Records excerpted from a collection
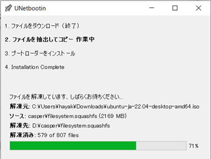 ② USBドライブ用のUSBをPCに挿し、ダウンロードした 「unetbootin-windows-702.exe」をクリックして実行します。
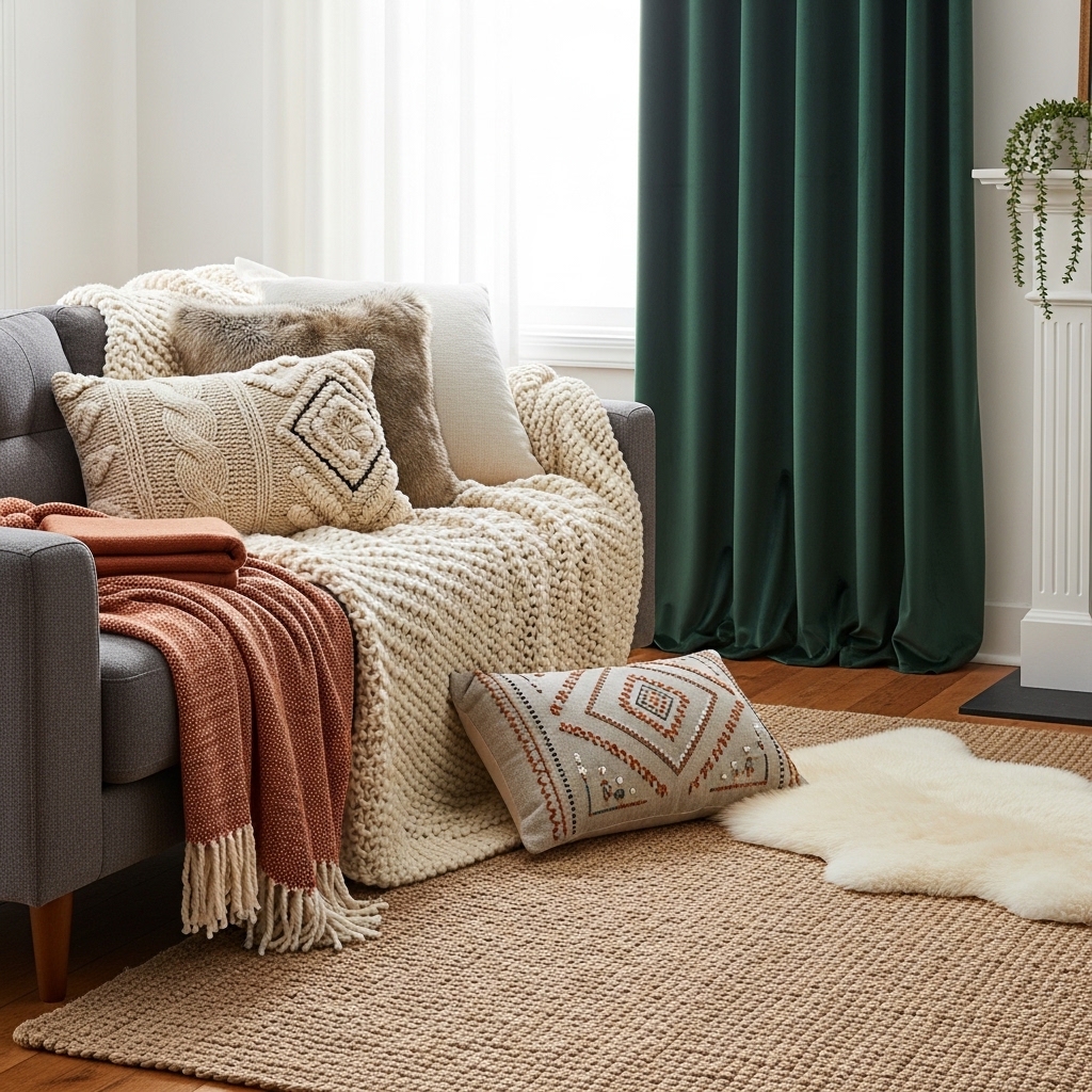 Budget alternative: Thrifted throws, DIY cushion covers, or faux fur rugs provide texture affordably.
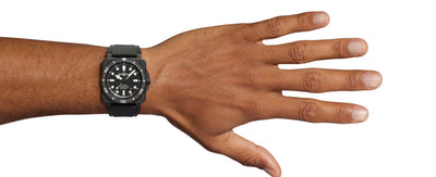 La BR 03 Diver Black Matte Ceramic allie la sophistication technique à une esthétique inspirée des navires furtifs et des équipements d'exploration. En 2024, la BR 03 Diver Black Matte Ceramic fait l'objet d'une mise à jour pour une lisibilité et une puissance accrues. Avec sa lunette et son insert en céramique, ses caractères plus grands et son nouveau bracelet en caoutchouc, elle offre un design distinctif et performant.
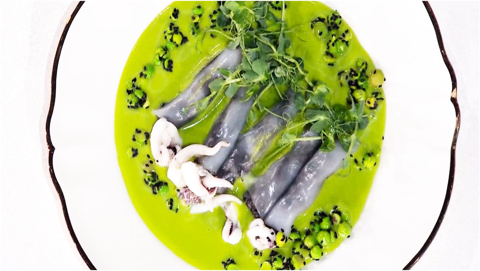 Per dare una forma originale al piatto, ricava dei petali dal corpo della seppia cruda e farciscili con un po’ del ragù preparato. Arrotola ogni petalo come se fosse un piccolo cannellone e, se desideri, scotta questi “cannelloni” in padella per conferire croccantezza. Servili su un letto di crema di piselli, accompagnati dai tentacoli conditi e da piselli spolverati con semi di sesamo nero.
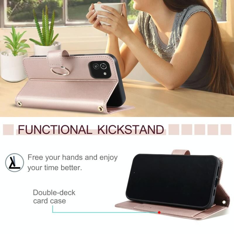 Για Samsung Galaxy A03 Δαχτυλίδι πόρπη ρομβοειδή δερμάτινη θήκη τηλεφώνου (ροζ χρυσό)
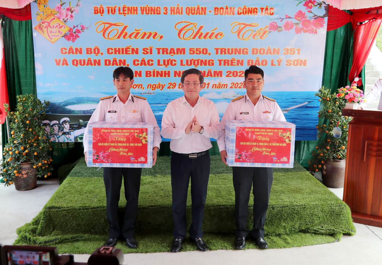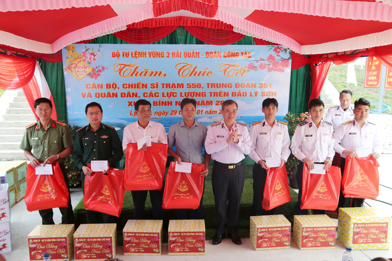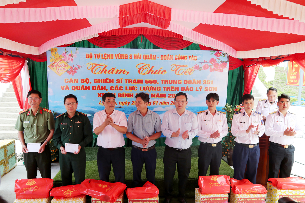 Nhân dịp này, đoàn công tác đã trao quà, gửi lời chúc mừng năm mới tới toàn thể cán bộ, chiến sĩ Trạm rađa 550, chính quyền địa phương, nhân dân đặc khu Lý Sơn và mong muốn đơn vị tiếp tục phát huy truyền thống, xây dựng đơn vị, địa phương vững mạnh toàn diện, giàu đẹp.
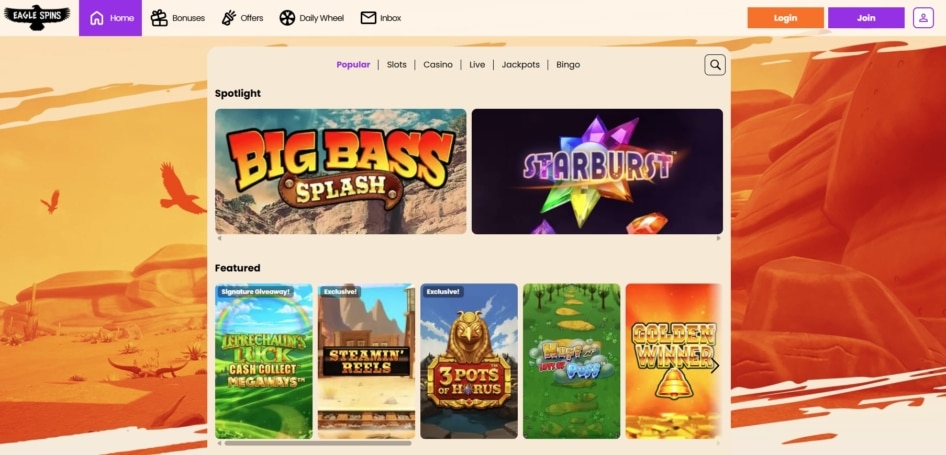 Registering at Eagle Spins opens the door to a casino packed with slot games, regular promotions and exciting bonus opportunities. The 100% welcome bonus up to £200 provides a solid starting point for new players who want to explore the platform.
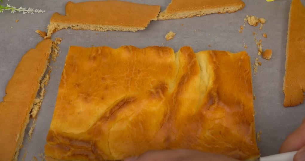 Остуджуємо корж, розрізаємо на 2 частини, обрізаємо, щоб одержати рівні прямокутники.
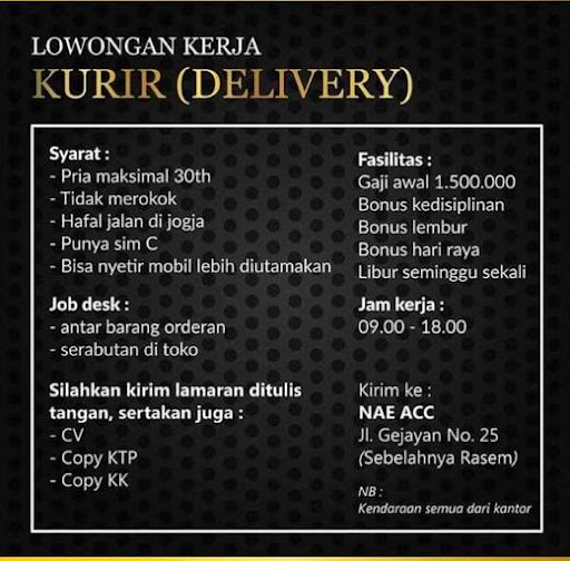 Lowongan Kerja Kurir Delivery Atmago from d39wptbp5at4nd.cloudfront.net Dapat bekerja sama secara individu maupun tim. Semua bisa sobat pilih sesuai dengan kemampuan sobat yaitu ijazah, pengalaman kerja, serta keahlian sobat itu yang paling utama dalam suatu pekerjaan. Sopir serabutan (pribadi dan toko). Loker supir serabutan sleman / loker sopir driver loker jogja solo semarang maret 2021 / lowongan karyawati bagian administrasi sleman. Berpenampilan menarik, sopan dan dapat berkomunikasi dengan baik. Coba kamu tengok 12 tokoh yang baru sukses setelah kerja secara serabutan ini! Loker riau, lowongan riau, loker terbaru, loker juni 2021. Pria/wanita usia max 25 tahun.
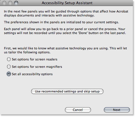 Figure 6: The Accessibility Setup Assistant provides various preferences for displaying PDFs and reading them with assistive devices.
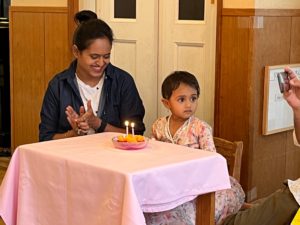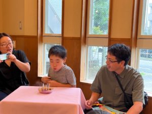 今日はおやつの時間にお誕生日会をしました♪年長さんのお兄ちゃんと2歳になった女の子が主役でした😊

Exercise instructions
Set down the data again, exactly, without images.

Output
 ② USBドライブ用のUSBをPCに挿し、ダウンロードした 「unetbootin-windows-702.exe」をクリックして実行します。
 Budget alternative: Thrifted throws, DIY cushion covers, or faux fur rugs provide texture affordably.
 La BR 03 Diver Black Matte Ceramic allie la sophistication technique à une esthétique inspirée des navires furtifs et des équipements d'exploration. En 2024, la BR 03 Diver Black Matte Ceramic fait l'objet d'une mise à jour pour une lisibilité et une puissance accrues. Avec sa lunette et son insert en céramique, ses caractères plus grands et son nouveau bracelet en caoutchouc, elle offre un design distinctif et performant.
 Per dare una forma originale al piatto, ricava dei petali dal corpo della seppia cruda e farciscili con un po’ del ragù preparato. Arrotola ogni petalo come se fosse un piccolo cannellone e, se desideri, scotta questi “cannelloni” in padella per conferire croccantezza. Servili su un letto di crema di piselli, accompagnati dai tentacoli conditi e da piselli spolverati con semi di sesamo nero.
 Για Samsung Galaxy A03 Δαχτυλίδι πόρπη ρομβοειδή δερμάτινη θήκη τηλεφώνου (ροζ χρυσό)
 Nhân dịp này, đoàn công tác đã trao quà, gửi lời chúc mừng năm mới tới toàn thể cán bộ, chiến sĩ Trạm rađa 550, chính quyền địa phương, nhân dân đặc khu Lý Sơn và mong muốn đơn vị tiếp tục phát huy truyền thống, xây dựng đơn vị, địa phương vững mạnh toàn diện, giàu đẹp.
 Registering at Eagle Spins opens the door to a casino packed with slot games, regular promotions and exciting bonus opportunities. The 100% welcome bonus up to £200 provides a solid starting point for new players who want to explore the platform.
 Остуджуємо корж, розрізаємо на 2 частини, обрізаємо, щоб одержати рівні прямокутники.
 Lowongan Kerja Kurir Delivery Atmago from d39wptbp5at4nd.cloudfront.net Dapat bekerja sama secara individu maupun tim. Semua bisa sobat pilih sesuai dengan kemampuan sobat yaitu ijazah, pengalaman kerja, serta keahlian sobat itu yang paling utama dalam suatu pekerjaan. Sopir serabutan (pribadi dan toko). Loker supir serabutan sleman / loker sopir driver loker jogja solo semarang maret 2021 / lowongan karyawati bagian administrasi sleman. Berpenampilan menarik, sopan dan dapat berkomunikasi dengan baik. Coba kamu tengok 12 tokoh yang baru sukses setelah kerja secara serabutan ini! Loker riau, lowongan riau, loker terbaru, loker juni 2021. Pria/wanita usia max 25 tahun.
 Figure 6: The Accessibility Setup Assistant provides various preferences for displaying PDFs and reading them with assistive devices.
 今日はおやつの時間にお誕生日会をしました♪年長さんのお兄ちゃんと2歳になった女の子が主役でした😊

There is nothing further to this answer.